5,5 millions de micro-entrepreneurs et leurs ayants droit à couvrir d’ici 2014
Le quatrième objectif de la Vision 2014 est de réduire le nombre des victimes des accidents de voiture et du travail. L’ambition est de sauver 10000 vies sur la période 2009-2014.
Le suivant est de permettre à 5 millions de Marocains supplémentaires de bénéficier d’une couverture contre les dommages occasionnés par les tiers. Enfin, les trois derniers portent sur la couverture de 5,5 millions de microentrepreneurs et leurs ayants droit, une hausse des placements de 200 milliards de DH, à 400 milliards et une contribution aux impôts de l’ordre de 15 à 18 milliards de DH.
A terme, le marché de l’assurance sera, selon les professionnels, conforté dans son rôle de premier contributeur au financement de l’économie. Il affichera aussi une convergence avec les normes internationales de solvabilité et renforcera sa position sur les marchés de l’Afrique du nord et de l’Afrique subsaharienne dont il détient 6% actuellement.

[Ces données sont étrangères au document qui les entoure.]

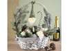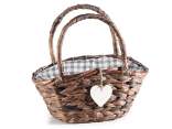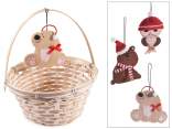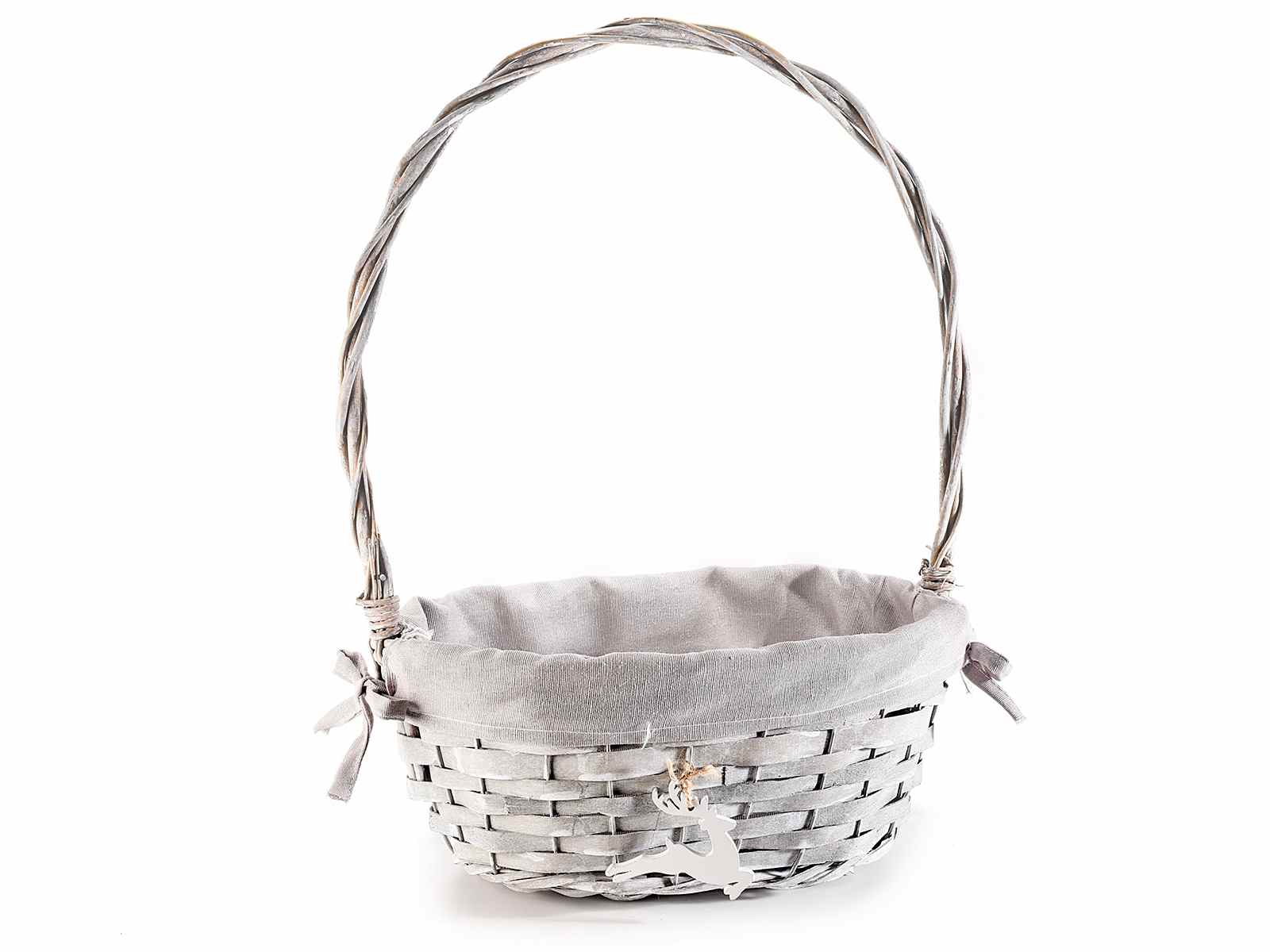 Wooden basket with rigid handle, reindeer, grey fabric bow

Pour concrétiser ces huit objectifs, le projet de contrat programme s’articule autour d’une vingtaine d’initiatives déclinées en 70 mesures. Certaines sont relatives au volet de la protection contre les dommages, comme l’instauration de nouvelles assurances obligatoires (RC habitation, RC pour établissements publics et RC décennale dans le cadre de la construction). D’autres mesures sont à portée sociale, notamment l’amélioration de la couverture maladie en englobant les catégories qui sont aujourd’hui exclues de l’assurance maladie obligatoire et du Ramed ou encore le développement de l’assurance vie pour la préparation de la retraite pour laquelle des incitations fiscales sont requises (suppression de la taxe sur la capitalisation, déductibilité des revenus des primes d’assurance) à la mise en place d’une protection contre les risques catastrophiques, à la lutte contre l’insécurité routière et à l’extension du réseau de distribution.

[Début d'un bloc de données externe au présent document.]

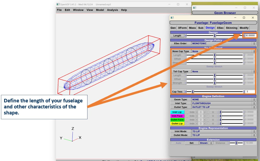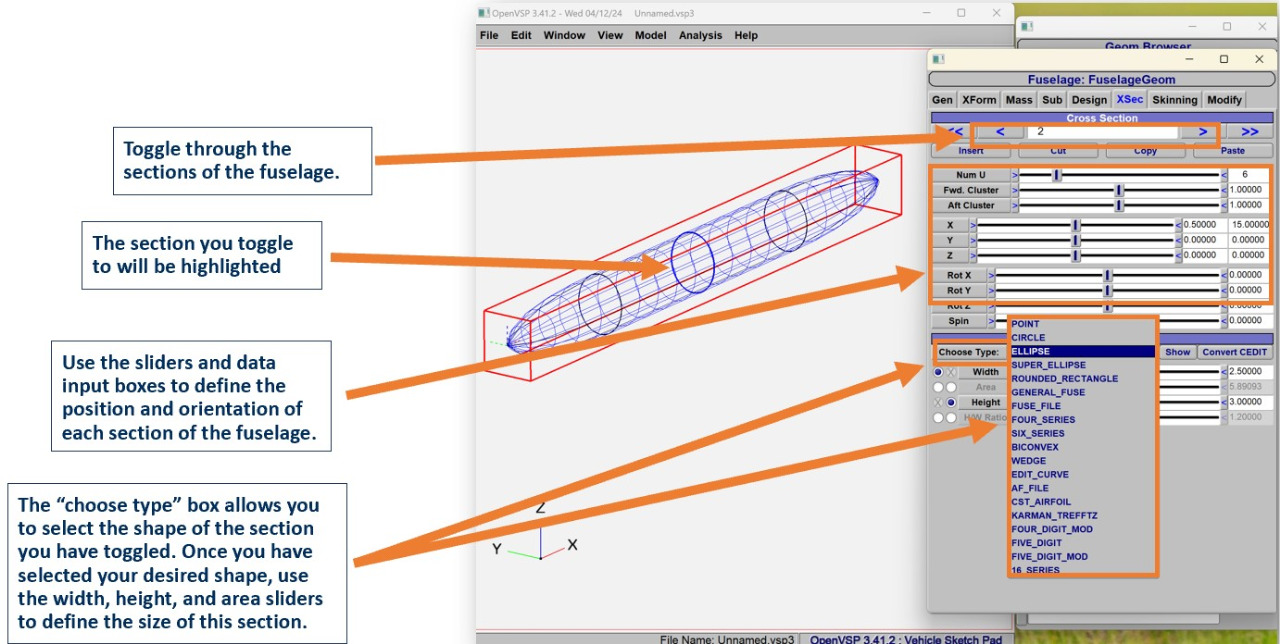 In the "Xsec" tab, you can customize the position, orientation, and shape of each section of the fuselage.

D’autres mesures sont relatives au volet financier. Il s’agit, à ce propos, d’outiller le secteur pour la mobilisation de l’épargne longue, la mise en place de mécanismes de financement des secteurs stratégiques de l’économie, l’adaptation aux normes de solvabilité et le soutien du développement à l’international des assureurs et réassureurs marocains. Enfin, le projet porte aussi sur le renforcement économique et social du secteur puisqu’il recommande la libéralisation des critères de tarification en assurance automobile, l’amélioration de l’indemnisation des victimes des accidents de la route, du travail et le contrôle des risques en entreprise. Outre les aspects social, économique et financier, le contrat programme s’intéresse aussi à l’amélioration de l’image du secteur puisqu’il prévoit des mesures visant la transparence, la lutte contre la corruption et le blanchiment.

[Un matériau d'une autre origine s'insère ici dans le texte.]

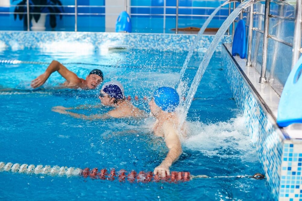 Просторный бассейн с ЛФК: размеры 20×8 м, каскад, занятия аквааэробикой и ЛФК в воде.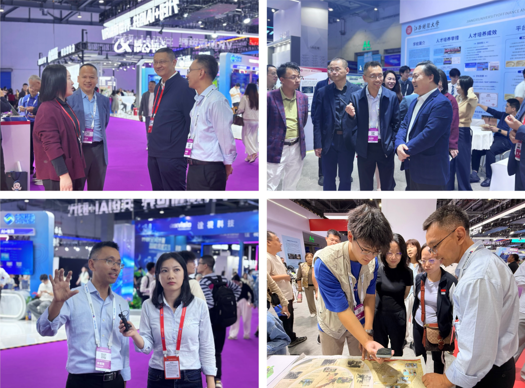 移步至校企合作区,多层次、全过程的校企共育体系引起了领导的浓厚兴趣。学院开设四类产教融合实验班,累计组建132个班级,创新性推行“项目制”与“竞赛型”课程、技术训练营和学硕工作室等教学形式,实现了人才培养与产业需求的无缝对接。与中国VR前3强企业宏达通讯有限公司(威爱科技集团)合作的“江西省5A景区漫游”,与中国VR50强企业江西中直新经济合力打造的“八角楼·十二时辰”数智体验项目,与江西日报联合出品的全国首张AR交互报纸,为广州卓远“幻影星空”平台开发的四部热门VR影视作品,与金创科技合力开发的缺陷产品检测与剔除及数字化转型提档升级系列项目,与江西脑控合作开发的“AI自传”APP等项目,吸引了领导、专家和众多观众的长时间驻足。

Pour l’exécution et le suivi, il est envisagé la mise en place des structures spécifiques, en l’occurrence un secrétariat général et un observatoire de la protection de la population et des entreprises au sein de la FMSAR. Les professionnels et l’Etat s’engagent à apporter les moyens financiers nécessaires à la concrétisation du contrat programme et à organiser une session extraordinaire annuelle du comité de pilotage pour faire le suivi du contrat programme.